§ Work instructions: Write each line out exactly, from the one containing "Luego de cuatro" through the final line of the data, and keep pictures out of the copy.

§ Data for the task:
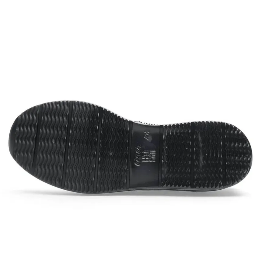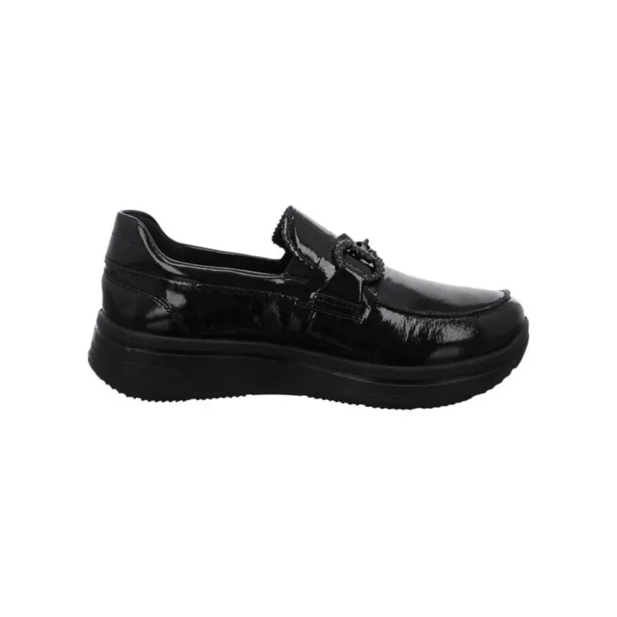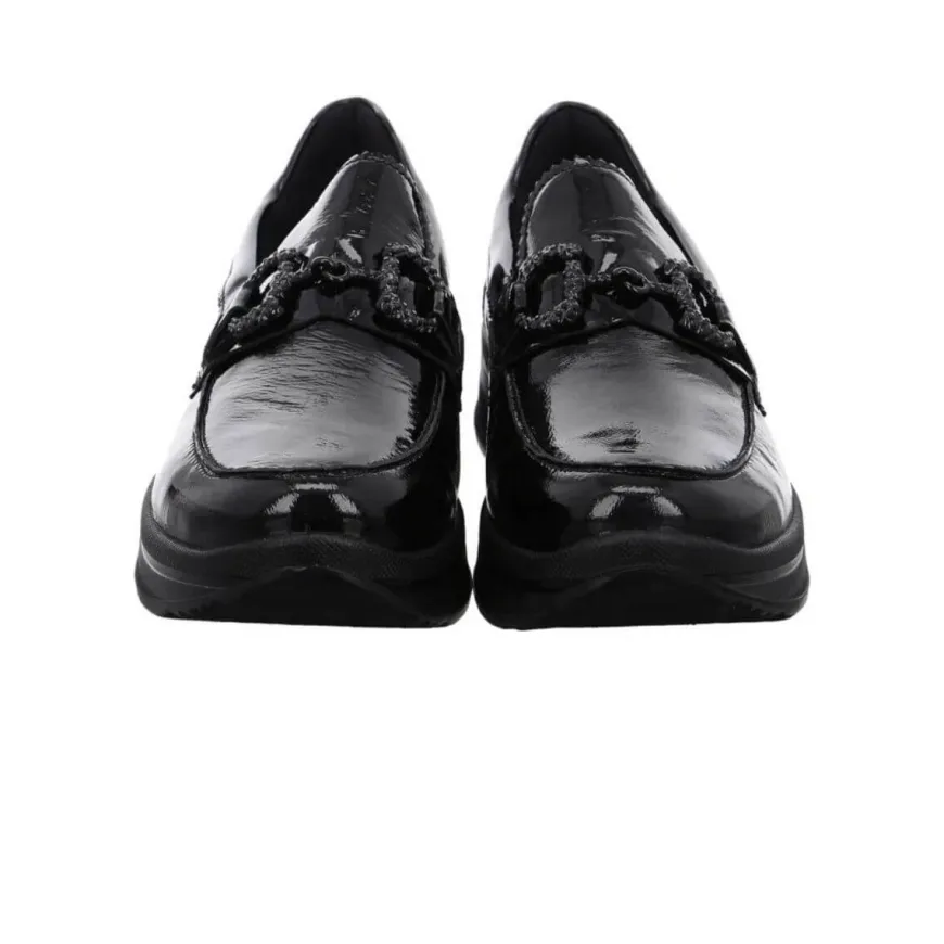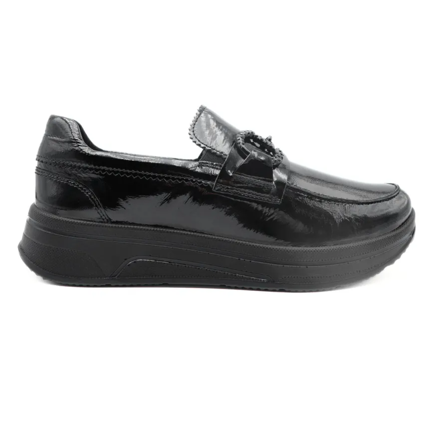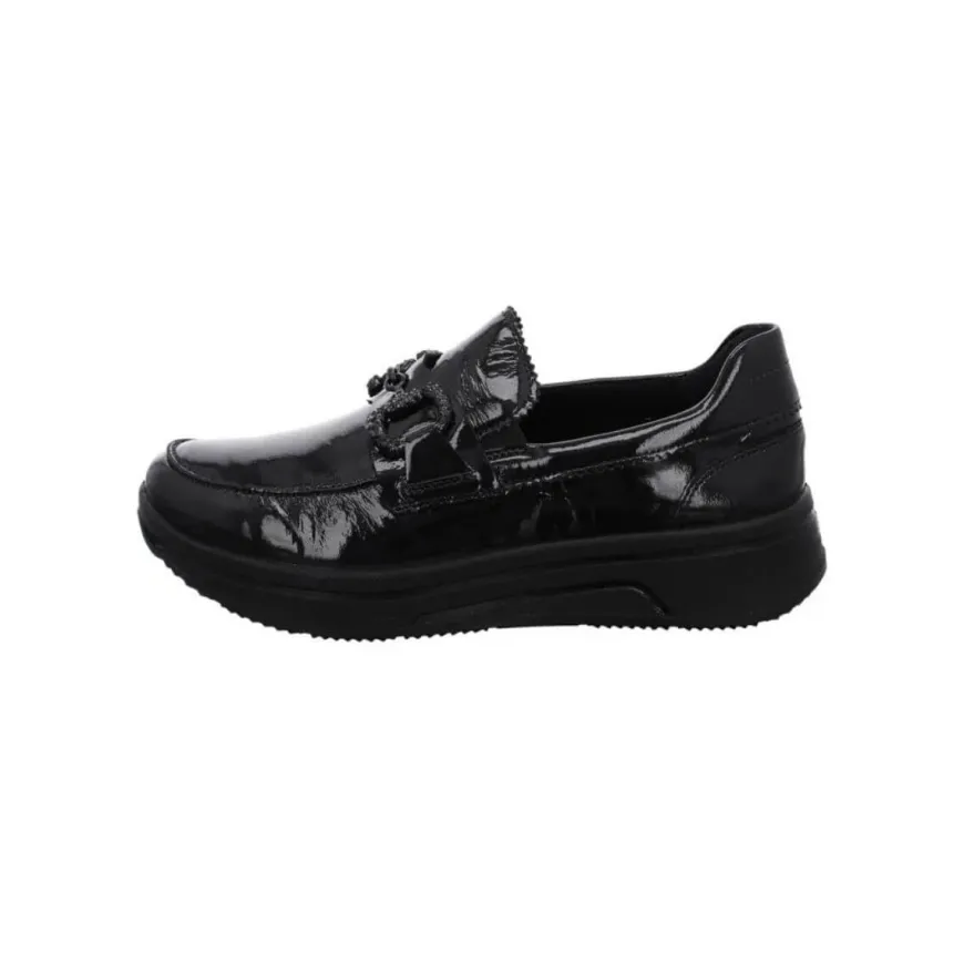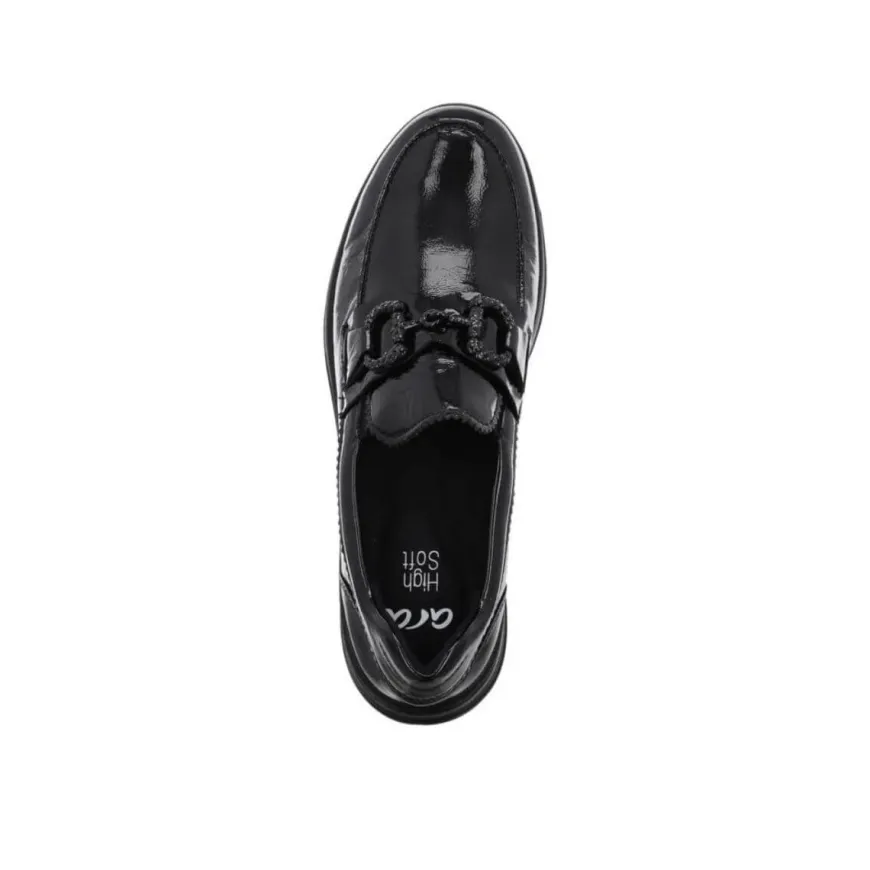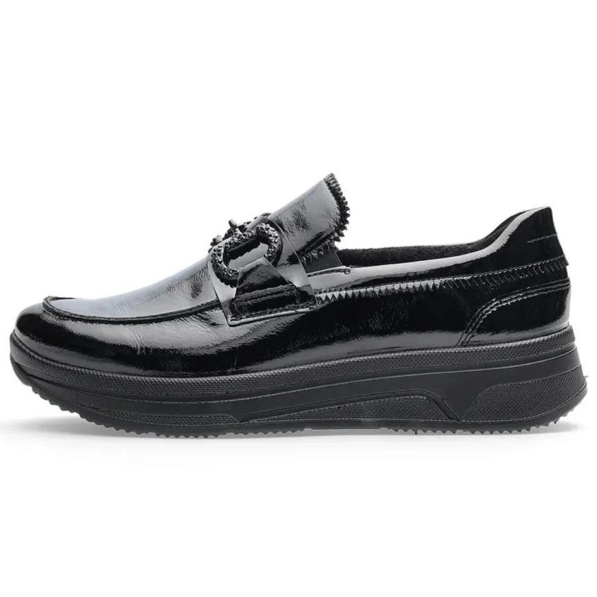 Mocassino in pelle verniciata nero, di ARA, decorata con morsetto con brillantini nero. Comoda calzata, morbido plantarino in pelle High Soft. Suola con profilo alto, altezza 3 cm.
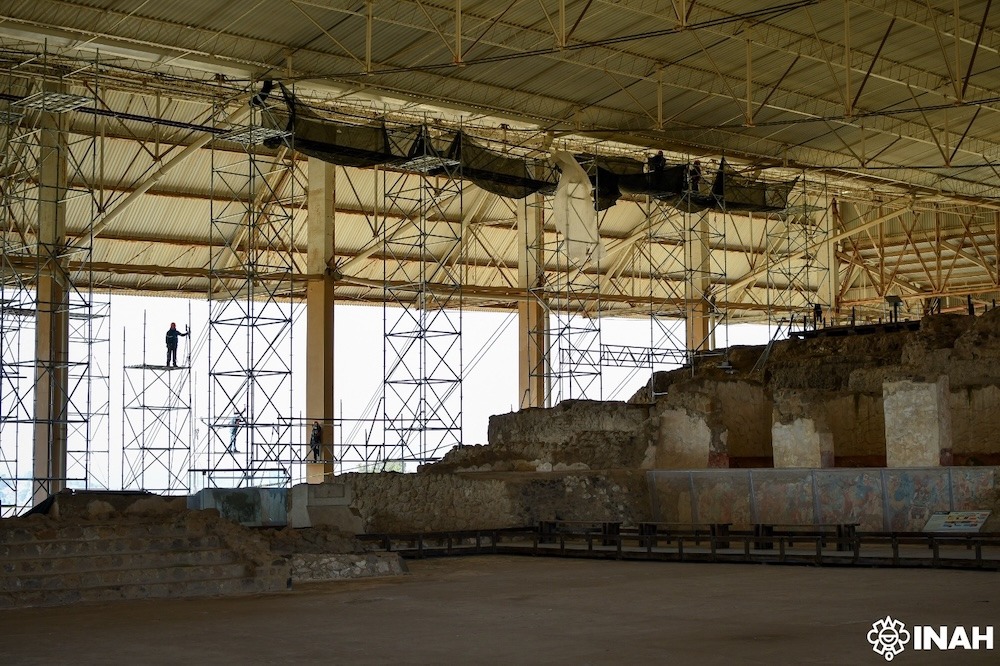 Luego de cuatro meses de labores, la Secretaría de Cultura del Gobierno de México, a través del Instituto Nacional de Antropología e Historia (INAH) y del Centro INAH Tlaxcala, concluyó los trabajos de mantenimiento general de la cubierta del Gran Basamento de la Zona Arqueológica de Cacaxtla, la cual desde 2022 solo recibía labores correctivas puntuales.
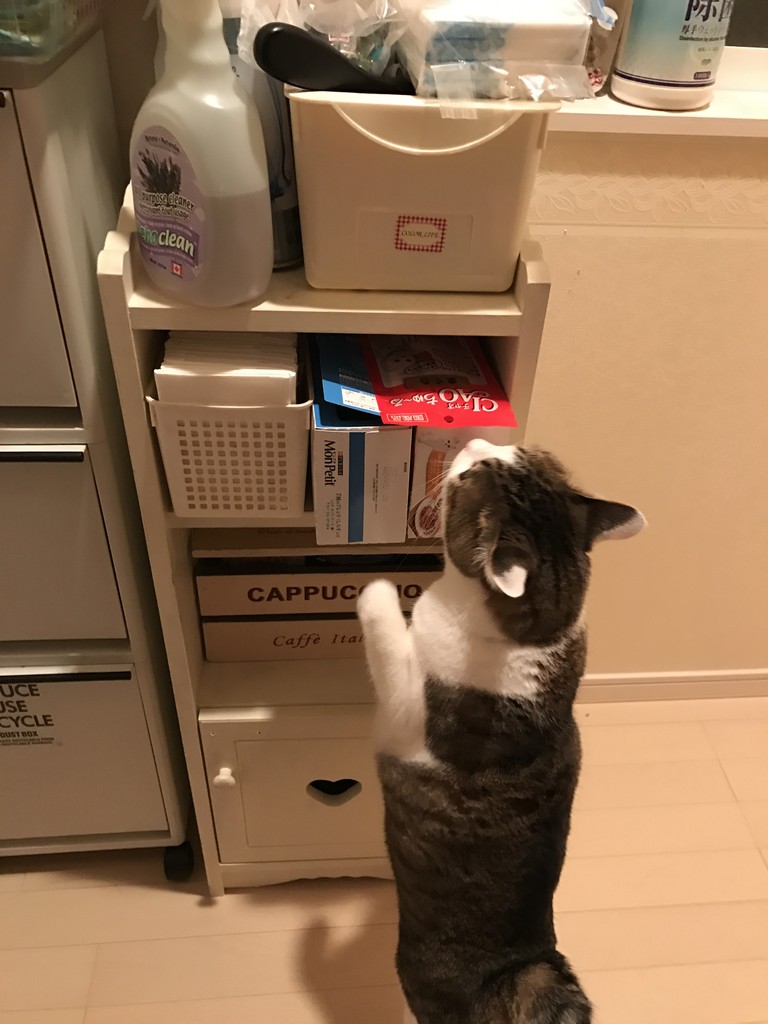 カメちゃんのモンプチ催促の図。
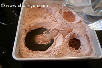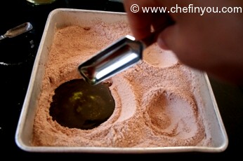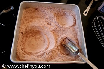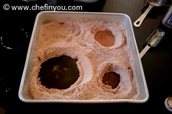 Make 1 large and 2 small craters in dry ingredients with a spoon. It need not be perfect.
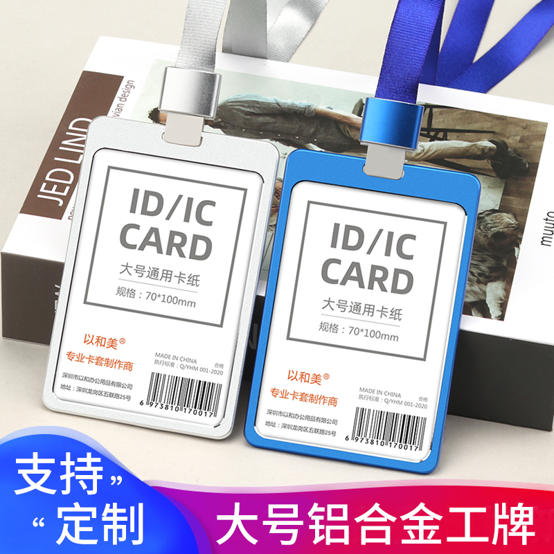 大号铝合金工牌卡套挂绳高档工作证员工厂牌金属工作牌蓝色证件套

§ Expected answer:
 Luego de cuatro meses de labores, la Secretaría de Cultura del Gobierno de México, a través del Instituto Nacional de Antropología e Historia (INAH) y del Centro INAH Tlaxcala, concluyó los trabajos de mantenimiento general de la cubierta del Gran Basamento de la Zona Arqueológica de Cacaxtla, la cual desde 2022 solo recibía labores correctivas puntuales.
 カメちゃんのモンプチ催促の図。
 Make 1 large and 2 small craters in dry ingredients with a spoon. It need not be perfect.
 大号铝合金工牌卡套挂绳高档工作证员工厂牌金属工作牌蓝色证件套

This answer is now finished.